▶ **Supplied entries**:

============

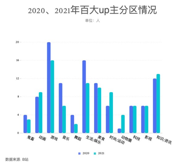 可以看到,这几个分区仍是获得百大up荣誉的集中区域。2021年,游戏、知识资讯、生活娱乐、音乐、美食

============

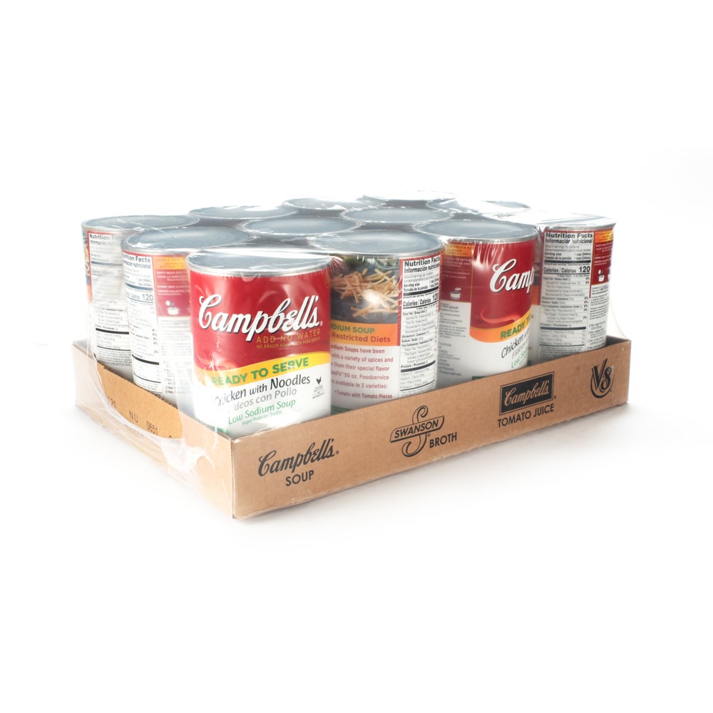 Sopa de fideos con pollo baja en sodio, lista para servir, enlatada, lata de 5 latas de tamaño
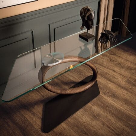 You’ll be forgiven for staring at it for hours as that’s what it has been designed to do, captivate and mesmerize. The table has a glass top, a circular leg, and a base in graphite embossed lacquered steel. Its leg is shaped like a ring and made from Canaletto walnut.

============

▶ **What you are asked to do**:
Above are records; write out the lines from the one with "Sopa de fideos" down to the one with "You’ll be forgiven", exactly, leaving the pictures out.

▶ **Problem solution**:
 Sopa de fideos con pollo baja en sodio, lista para servir, enlatada, lata de 5 latas de tamaño
 You’ll be forgiven for staring at it for hours as that’s what it has been designed to do, captivate and mesmerize. The table has a glass top, a circular leg, and a base in graphite embossed lacquered steel. Its leg is shaped like a ring and made from Canaletto walnut.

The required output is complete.